When you copy the listing, skip the images and return each line verbatim.

=== Supplied data ===
- - - - -
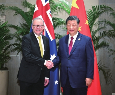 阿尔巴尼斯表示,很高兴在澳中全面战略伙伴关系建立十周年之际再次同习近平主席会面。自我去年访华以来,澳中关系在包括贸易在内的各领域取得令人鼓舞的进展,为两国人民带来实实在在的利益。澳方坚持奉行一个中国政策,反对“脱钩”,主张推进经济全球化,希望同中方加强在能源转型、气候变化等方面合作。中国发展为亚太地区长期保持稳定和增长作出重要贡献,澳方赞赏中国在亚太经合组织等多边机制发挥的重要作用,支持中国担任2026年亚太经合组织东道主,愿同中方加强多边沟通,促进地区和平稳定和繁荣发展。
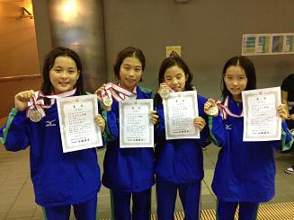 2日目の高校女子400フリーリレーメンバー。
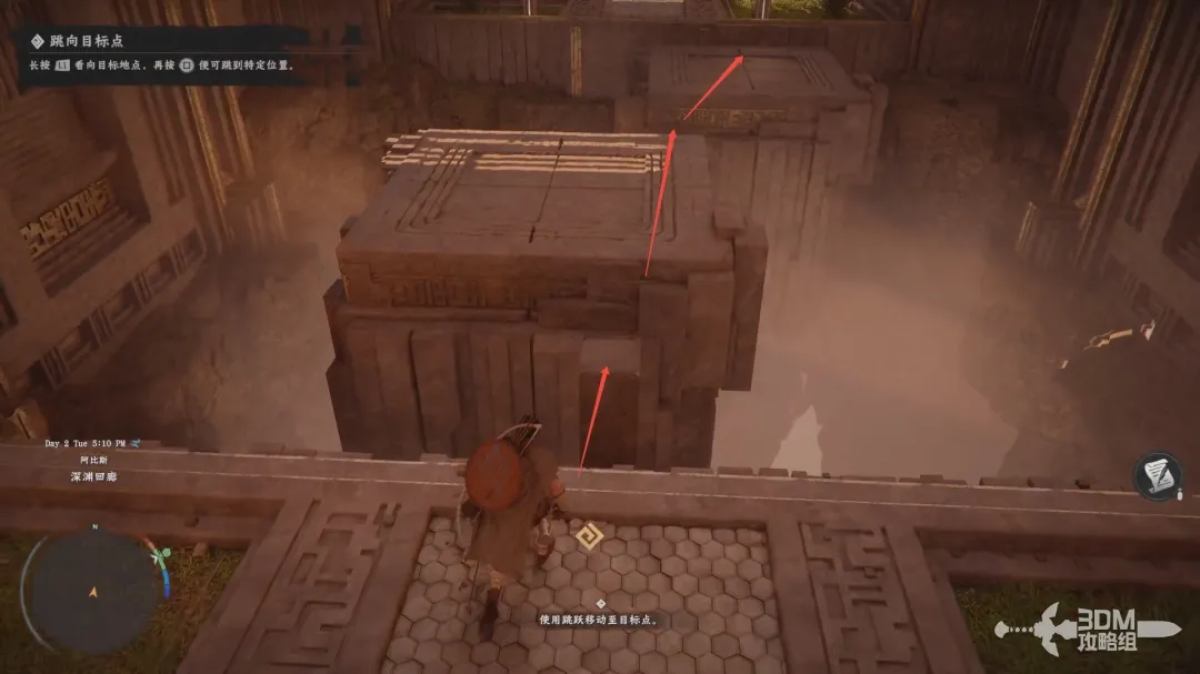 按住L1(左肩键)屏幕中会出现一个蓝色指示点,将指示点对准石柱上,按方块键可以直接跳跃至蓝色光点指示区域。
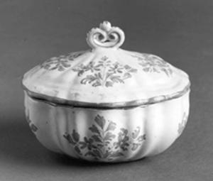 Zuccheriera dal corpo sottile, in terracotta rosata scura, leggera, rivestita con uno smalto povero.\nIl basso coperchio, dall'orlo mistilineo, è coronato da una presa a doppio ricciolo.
- - - - -
=== Written solution ===
 阿尔巴尼斯表示,很高兴在澳中全面战略伙伴关系建立十周年之际再次同习近平主席会面。自我去年访华以来,澳中关系在包括贸易在内的各领域取得令人鼓舞的进展,为两国人民带来实实在在的利益。澳方坚持奉行一个中国政策,反对“脱钩”,主张推进经济全球化,希望同中方加强在能源转型、气候变化等方面合作。中国发展为亚太地区长期保持稳定和增长作出重要贡献,澳方赞赏中国在亚太经合组织等多边机制发挥的重要作用,支持中国担任2026年亚太经合组织东道主,愿同中方加强多边沟通,促进地区和平稳定和繁荣发展。
 2日目の高校女子400フリーリレーメンバー。
 按住L1(左肩键)屏幕中会出现一个蓝色指示点,将指示点对准石柱上,按方块键可以直接跳跃至蓝色光点指示区域。
 Zuccheriera dal corpo sottile, in terracotta rosata scura, leggera, rivestita con uno smalto povero.\nIl basso coperchio, dall'orlo mistilineo, è coronato da una presa a doppio ricciolo.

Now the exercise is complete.